◆ LISTED RECORDS
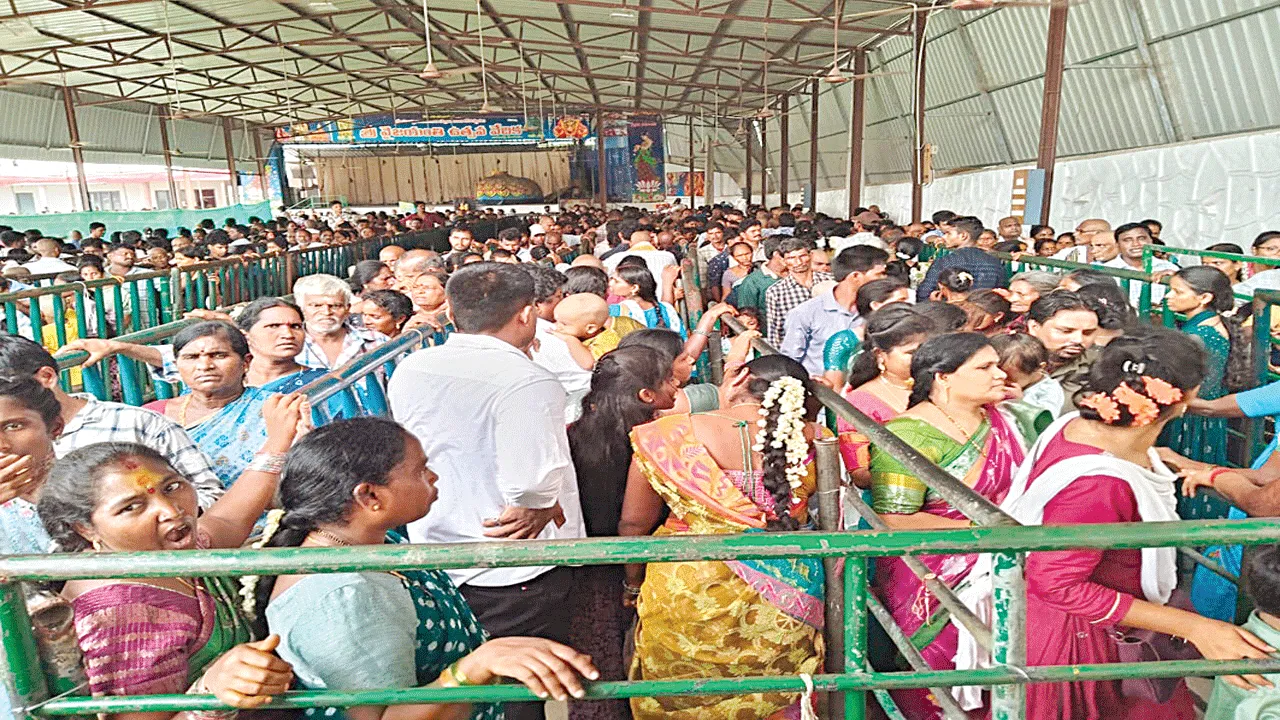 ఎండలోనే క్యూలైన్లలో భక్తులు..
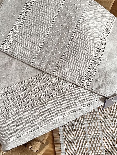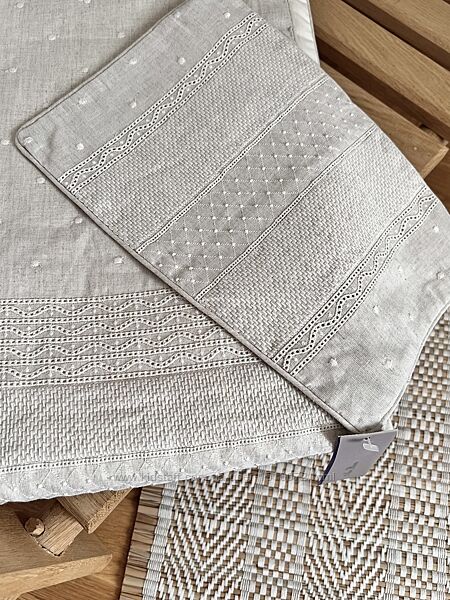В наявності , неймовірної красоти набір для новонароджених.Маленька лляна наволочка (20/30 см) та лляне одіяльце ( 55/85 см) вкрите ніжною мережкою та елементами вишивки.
==
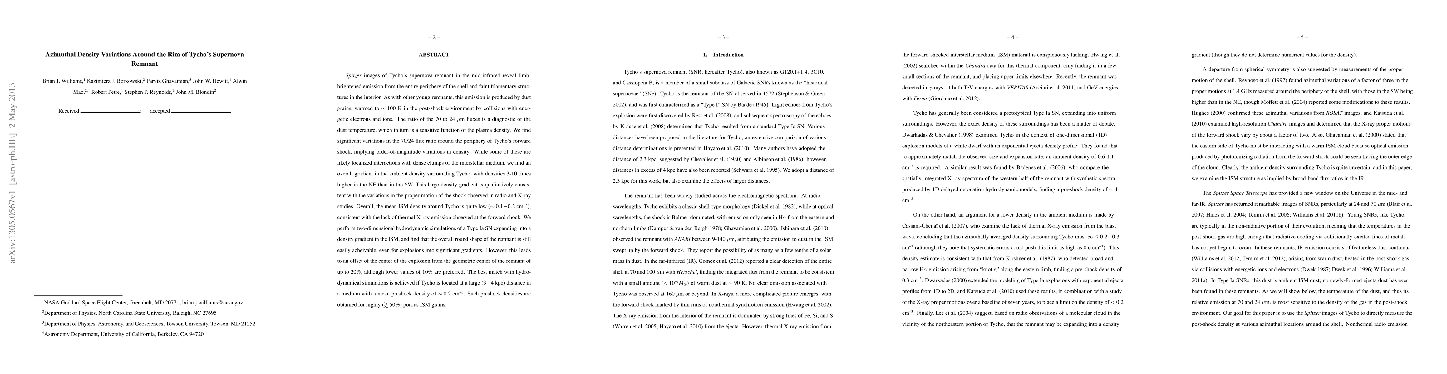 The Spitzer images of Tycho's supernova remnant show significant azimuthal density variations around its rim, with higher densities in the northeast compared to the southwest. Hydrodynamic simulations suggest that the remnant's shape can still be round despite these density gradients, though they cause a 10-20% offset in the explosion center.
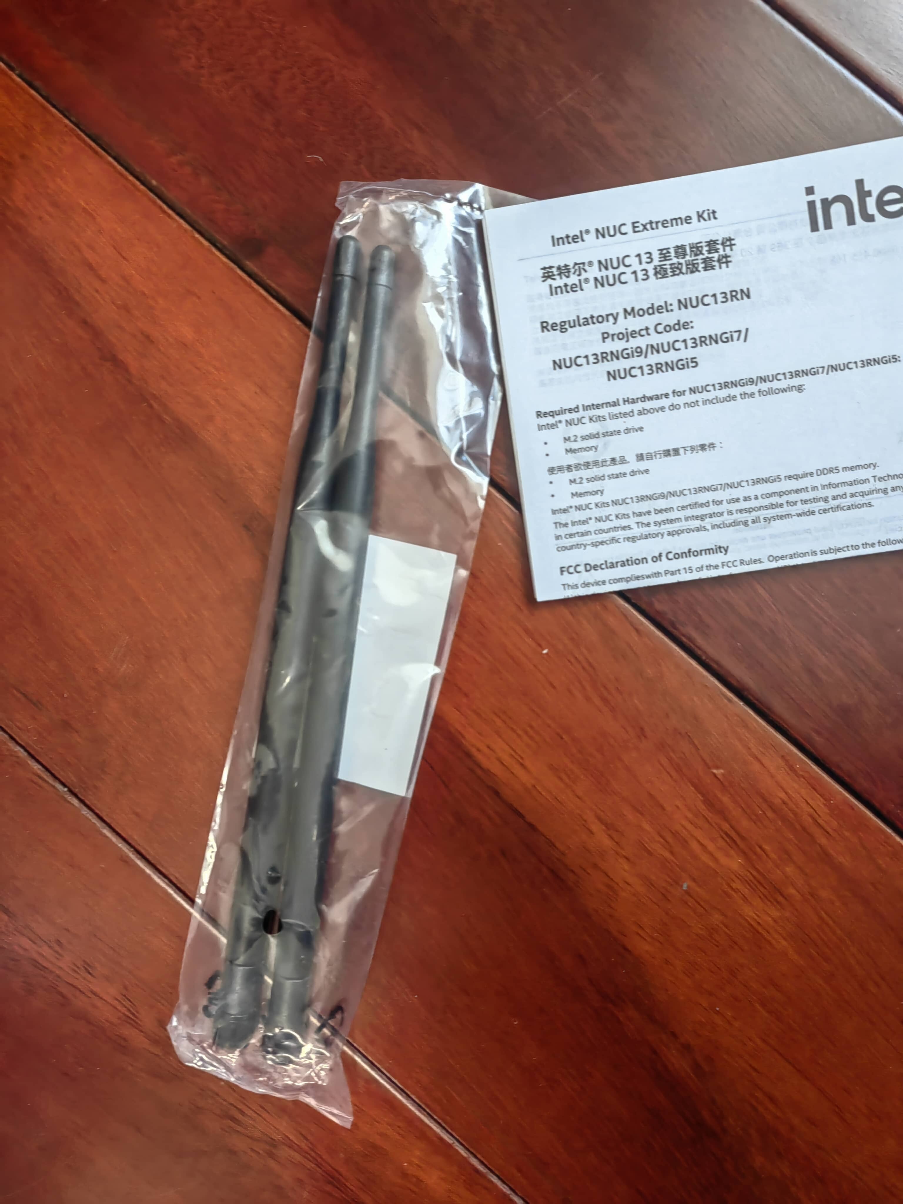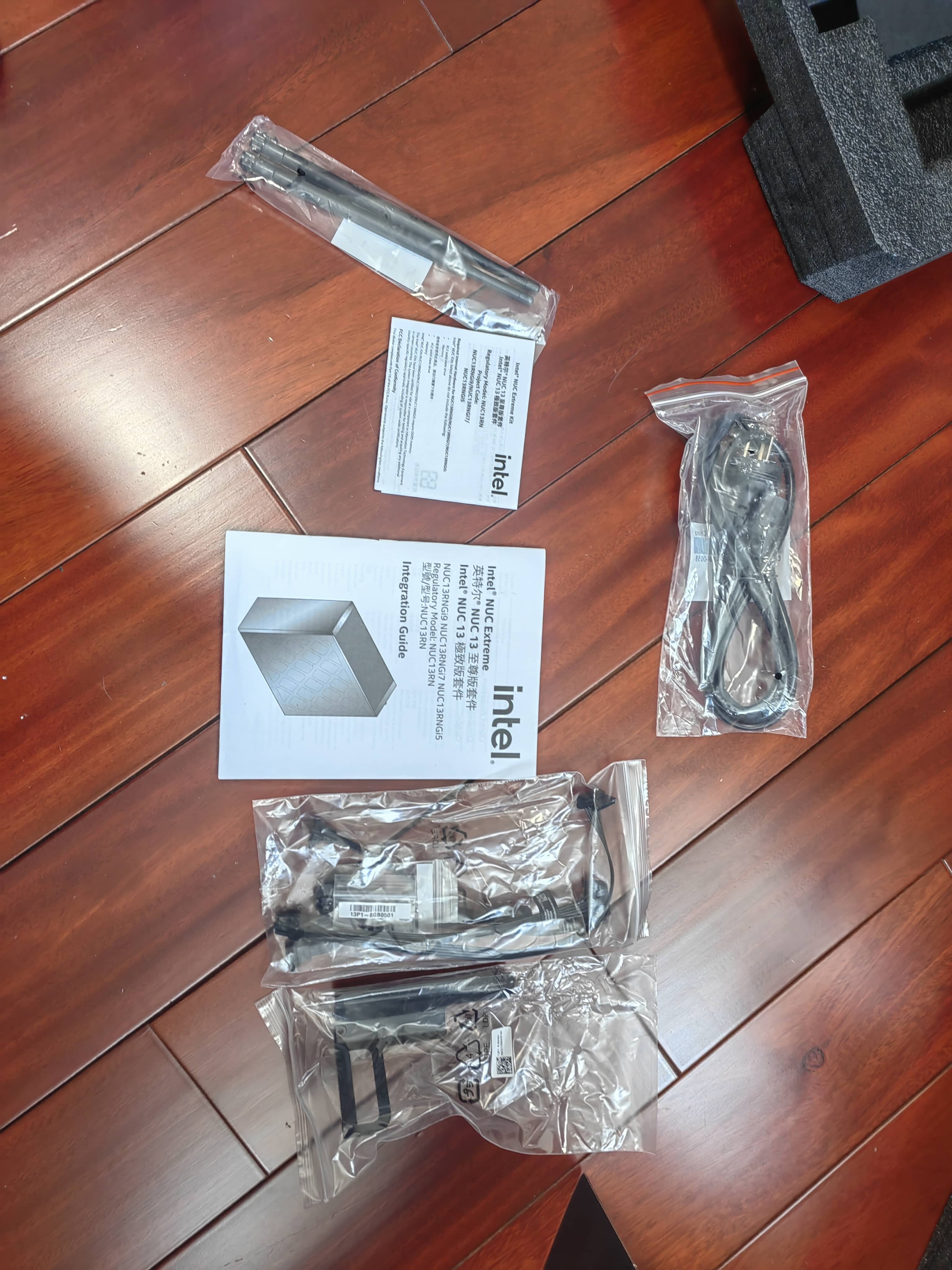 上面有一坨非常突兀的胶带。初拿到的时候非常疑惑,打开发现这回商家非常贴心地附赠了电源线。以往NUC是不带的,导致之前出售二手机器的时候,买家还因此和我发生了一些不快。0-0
* * *
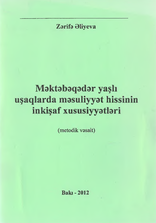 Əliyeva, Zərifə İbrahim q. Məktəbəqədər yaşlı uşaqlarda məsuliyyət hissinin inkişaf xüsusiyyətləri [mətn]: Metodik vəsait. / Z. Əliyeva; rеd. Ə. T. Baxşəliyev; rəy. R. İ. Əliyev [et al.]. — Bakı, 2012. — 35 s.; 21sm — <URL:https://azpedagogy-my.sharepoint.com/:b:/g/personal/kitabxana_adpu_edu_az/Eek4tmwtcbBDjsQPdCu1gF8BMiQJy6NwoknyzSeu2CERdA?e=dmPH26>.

◆ WHAT YOU WILL DO
Write back the stretch of lines above that begins with the line holding "ఎండలోనే క్యూలైన్లలో భక్తులు.." and ends with the line holding "В наявності , неймовірної", both included, exactly as written. Pictures stay out.

◆ RESULT
 ఎండలోనే క్యూలైన్లలో భక్తులు..
В наявності , неймовірної красоти набір для новонароджених.Маленька лляна наволочка (20/30 см) та лляне одіяльце ( 55/85 см) вкрите ніжною мережкою та елементами вишивки.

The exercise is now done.